FDA Approves Idelvion for Hemophilia B

Disclosures

March 04, 2016

The US Food and Drug Administration (FDA) today approved a drug for children and adults with hemophilia B called albutrepenonacog alfa (Idelvion, CSL Behring), which combines albumin with factor IX to reduce injection frequency.

Factor IX is a naturally occurring clotting factor that's deficient in people with hemophilia B.

Albutrepenonacog alfa is the first recombinant coagulation factor IX product approved by the FDA that contains albumin, a protein found in blood. It is the second FDA-approved product that combines the clotting factor with any sort of protein that prolongs circulation time.
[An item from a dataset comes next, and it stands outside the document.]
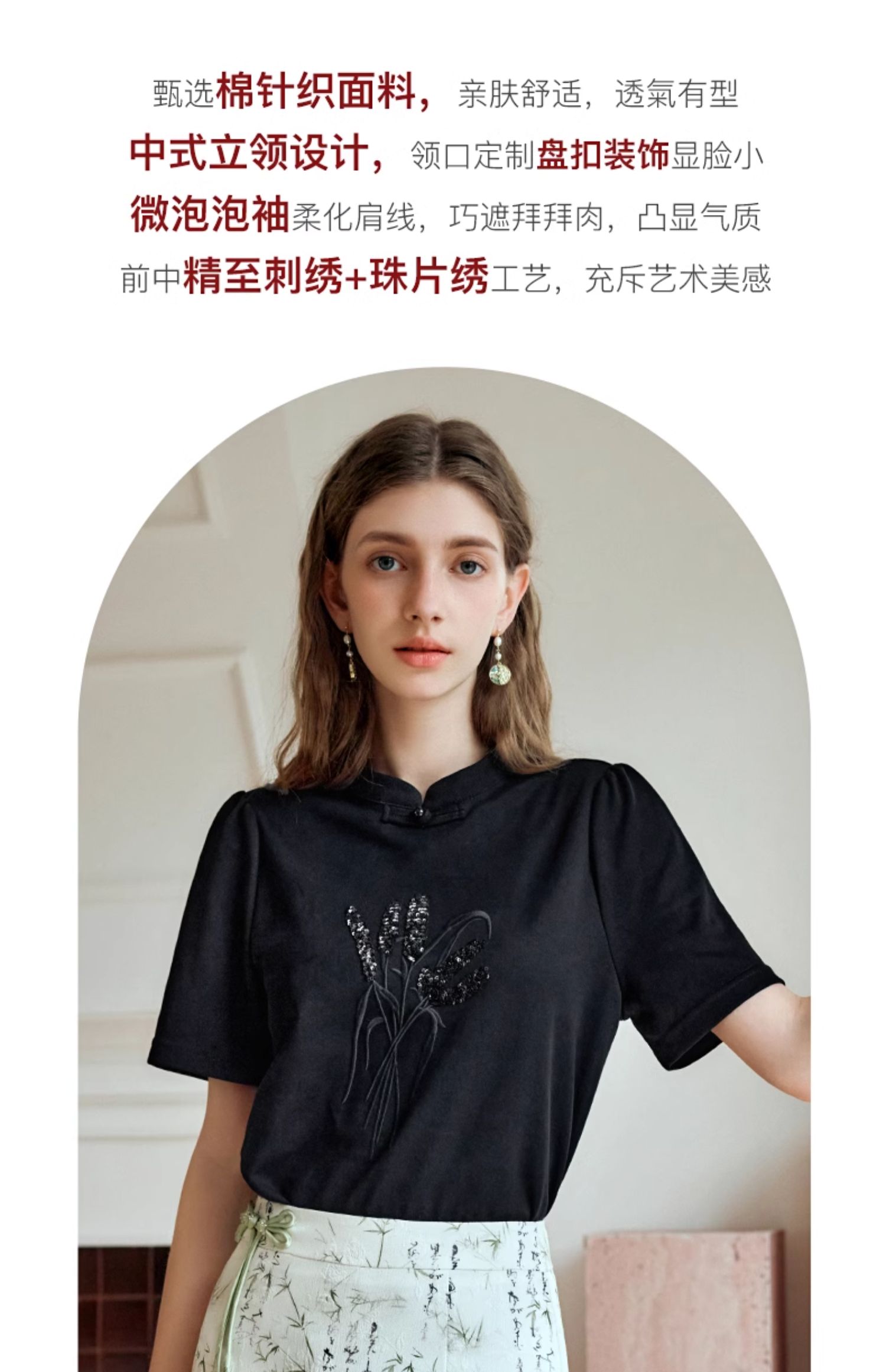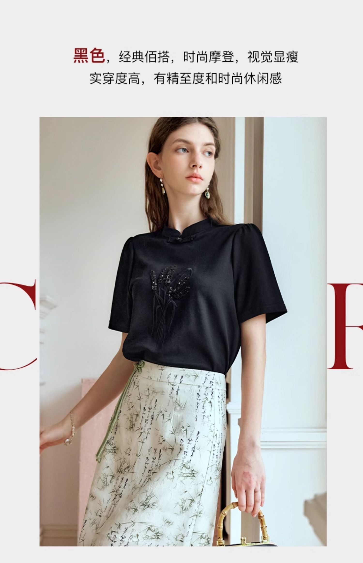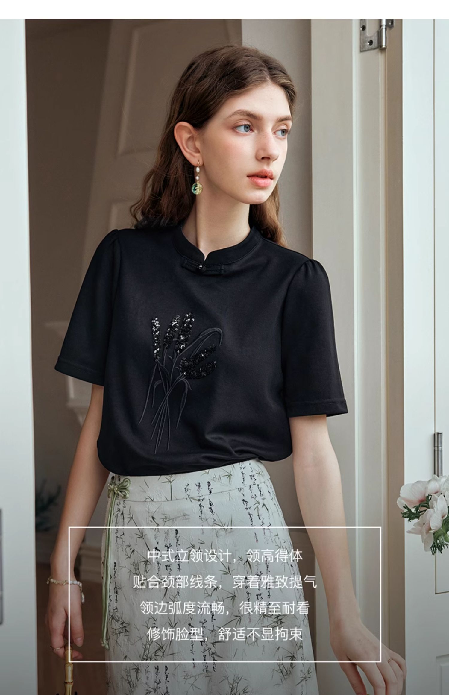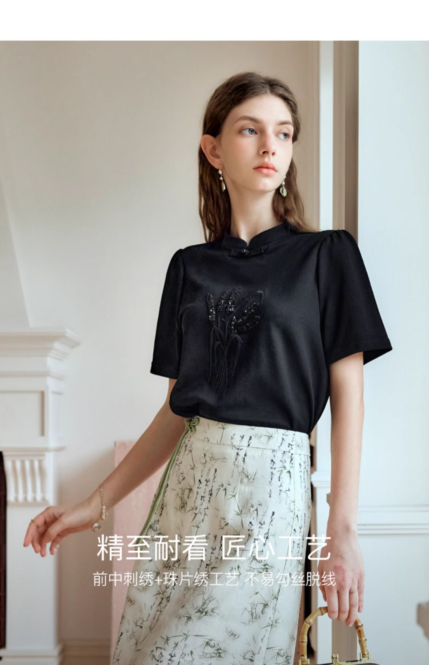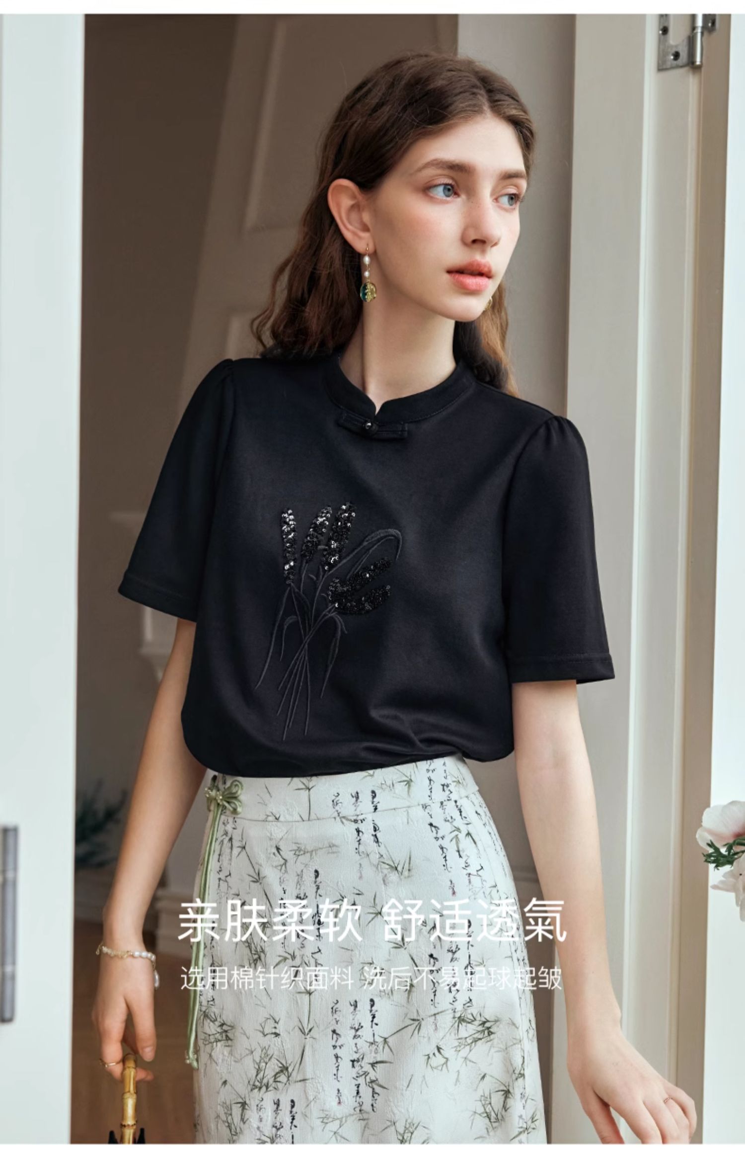 OLrain欧芮儿新中式黑色短袖T恤女夏季2024新款时尚立领刺绣上衣
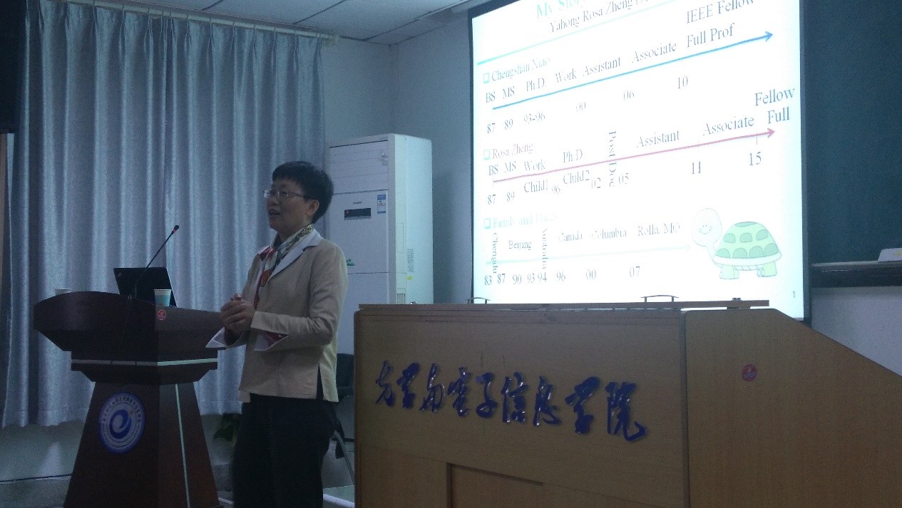 2017年3月30日,美国密苏里科技大学Yahong Rosa Zheng(郑亚虹)教授受刘德明教授邀请来到我院进行学术访问和交流。30日上午10点,郑教授在南五楼613会议室面向光电学院师生70余人做了题为《水下无线通信:概述及最新进展》的专题报告。付松年教授代表学院对郑教授的来访表示热烈欢迎。作为杰出的女性科研工作者,郑教授首先风趣地介绍了自己的人生履历及夫妻两人共同成为IEEE Fellow的成长历程,在场师生无不深受感染。之后郑教授生动详细地介绍了水下无线通信的需求及发展现状,对比了声学、磁感应、光学3种通信解决方案的优劣,针对声学通信方案的信号处理需求讲述了几种Turbo均衡方案,并介绍了基于声学和磁感应方法的现场试验及海洋实验的结果。在讲述的过程中,郑教授展示了若干自主研发成果实物并交给在场师生传看,与在场师生互动频繁,现场气氛十分热烈。

The first was eftrenonacog alfa ( Alprolix , Biogen Idec), which fuses factor IX to the Fc portion of IgG subclass I. Like albumin, this bloodstream protein gives factor IX extra staying power, potentially translating into less frequent injections when the drug is used to prevent bleeding episodes.

European Union regulators recommended approval of both albutrepenonacog alfa and eftrenonacog alfa last month.

Albutrepenonacog alfa is indicated specifically for on-demand control and prevention of bleeding episodes, management of postoperative bleeding, and as prophylaxis to reduce the frequency of bleeding episodes.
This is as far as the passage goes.